MRC Protein Phosphorylation Unit, Sir James Black Centre, College of Life Sciences, University of Dundee, Dundee, UK.
EMBO J. 2013 Apr 3;32(7):1008-22. doi: 10.1038/emboj.2013.40. Epub 2013 Mar 5.
Phosphoinositide-dependent kinase-1 (PDK1) controls the activation of a subset of AGC kinases. Using a conditional knockout of PDK1 in haematopoietic cells, we demonstrate that PDK1 is essential for B cell development. B-cell progenitors lacking PDK1 arrested at the transition of pro-B to pre-B cells, due to a cell autonomous defect. Loss of PDK1 decreased the expression of the IgH chain in pro-B cells due to impaired recombination of the IgH distal variable segments, a process coordinated by the transcription factor Pax5. The expression of Pax5 in pre-B cells was decreased in PDK1 knockouts, which correlated with reduced expression of the Pax5 target genes IRF4, IRF8 and Aiolos. As a result, Ccnd3 is upregulated in PDK1 knockout pre-B cells and they have an impaired ability to undergo cell-cycle arrest, a necessary event for Ig light chain rearrangement. Instead, these cells underwent apoptosis that correlated with diminished expression of the pro-survival gene Bcl2A1. Reintroduction of both Pax5 and Bcl2A1 together into PDK1 knockout pro-B cells restored their ability to differentiate in vitro into mature B cells.

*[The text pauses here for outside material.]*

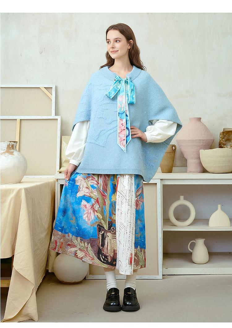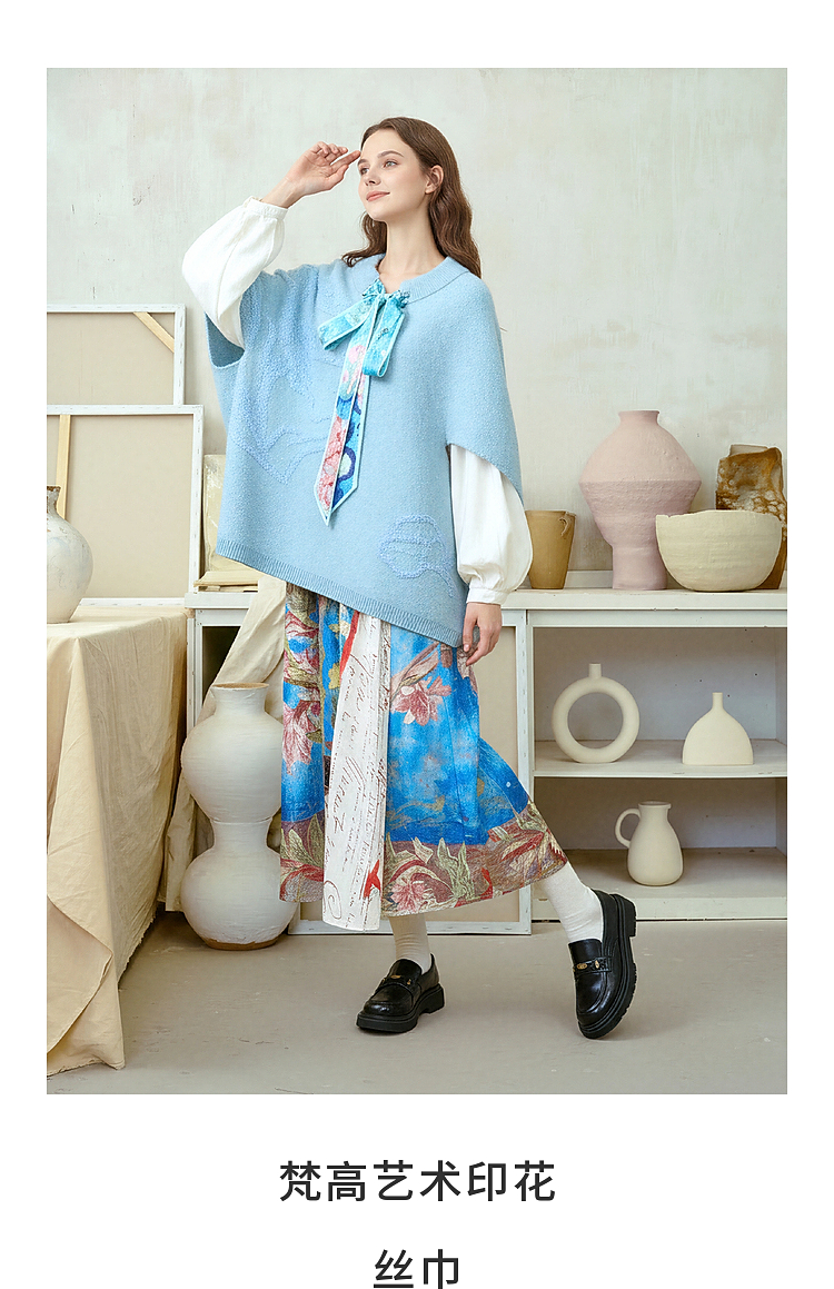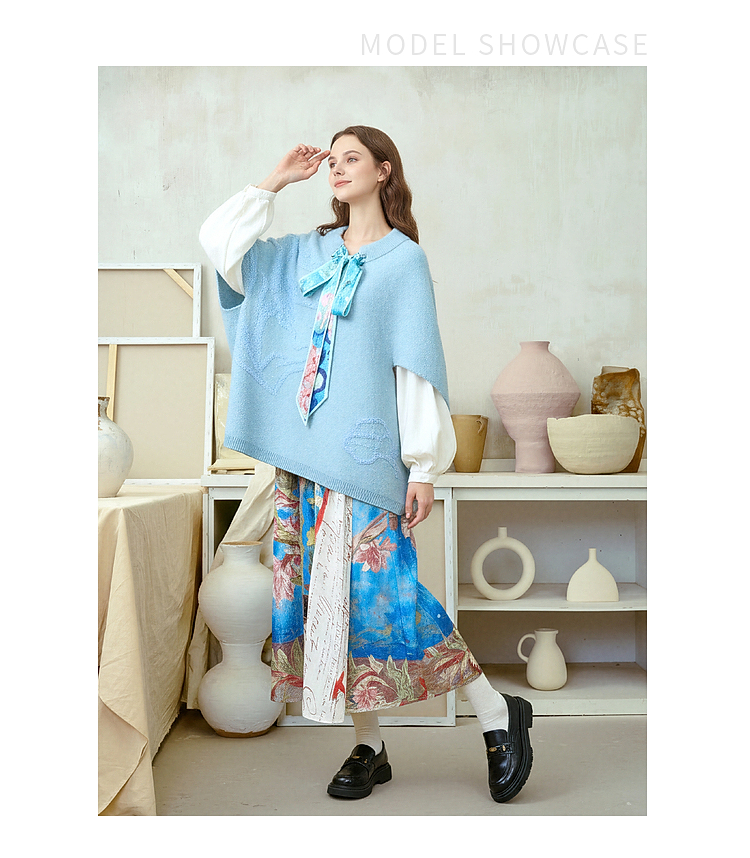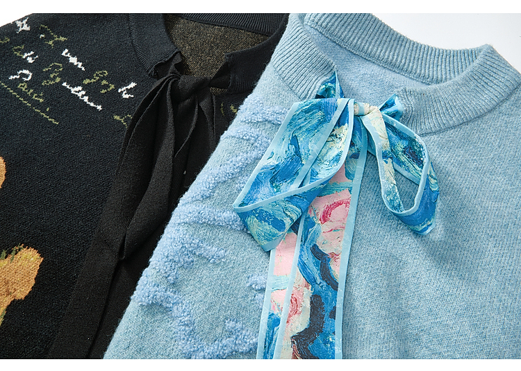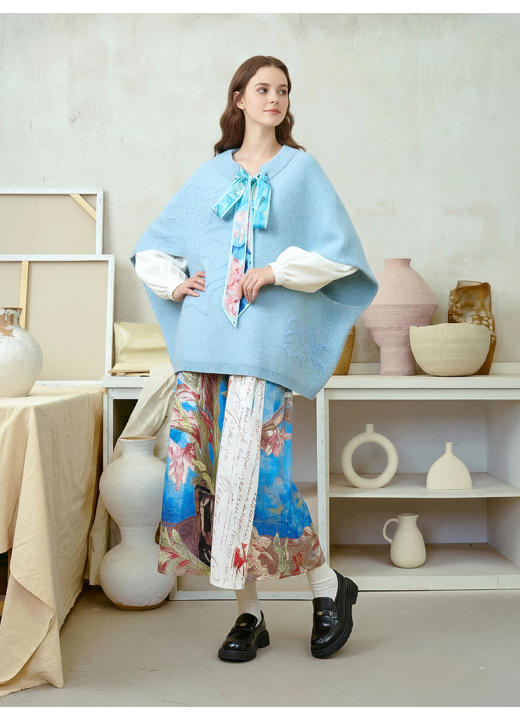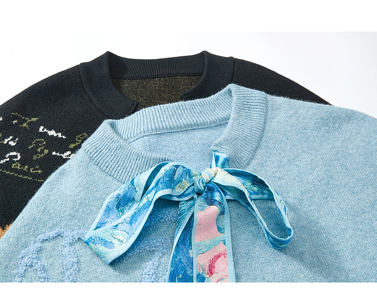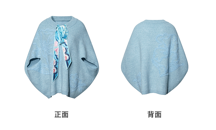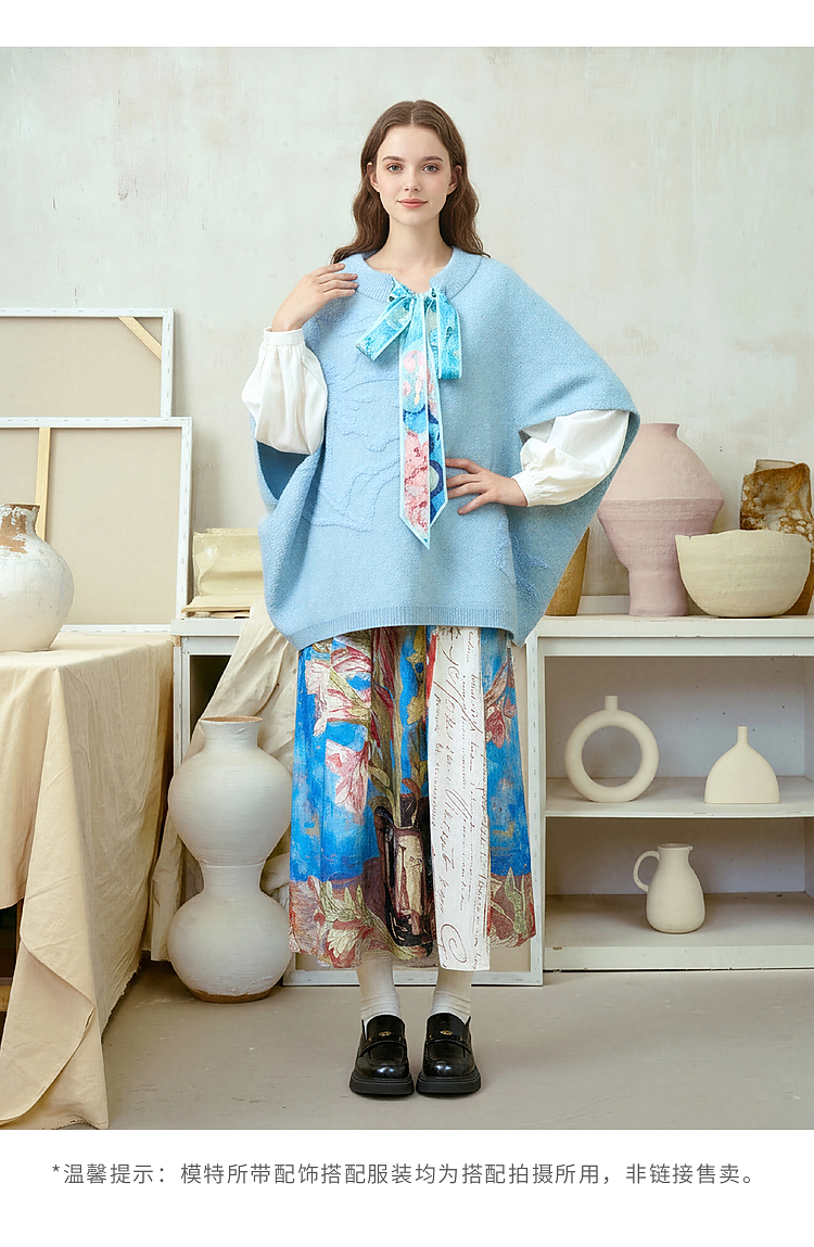 两三事梵高文艺 碧空云绒 2026春季新款绑带毛巾绣蝙蝠袖针织衫女

磷酸肌醇依赖激酶-1(PDK1)控制着一组 AGC 激酶的激活。通过对造血细胞中 PDK1 的条件性敲除,我们证明 PDK1 对 B 细胞的发育是必不可少的。由于细胞自主缺陷,缺乏 PDK1 的 B 细胞前体在从前 B 细胞到 pre-B 细胞的过渡中停滞不前。由于 IgH 远端可变片段的重组受损,PDK1 的缺失降低了 pro-B 细胞中 IgH 链的表达,这一过程由转录因子 Pax5 协调。PDK1 敲除的 pre-B 细胞中 Pax5 的表达减少,这与 Pax5 靶基因 IRF4、IRF8 和 Aiolos 的表达减少相关。结果,Ccnd3 在 PDK1 敲除的 pre-B 细胞中上调,它们进行细胞周期阻滞的能力受损,这是 Ig 轻链重排所必需的事件。相反,这些细胞发生了凋亡,这与抗凋亡基因 Bcl2A1 的表达减少相关。将 Pax5 和 Bcl2A1 一起重新导入 PDK1 敲除的 pro-B 细胞中,恢复了它们在体外分化为成熟 B 细胞的能力。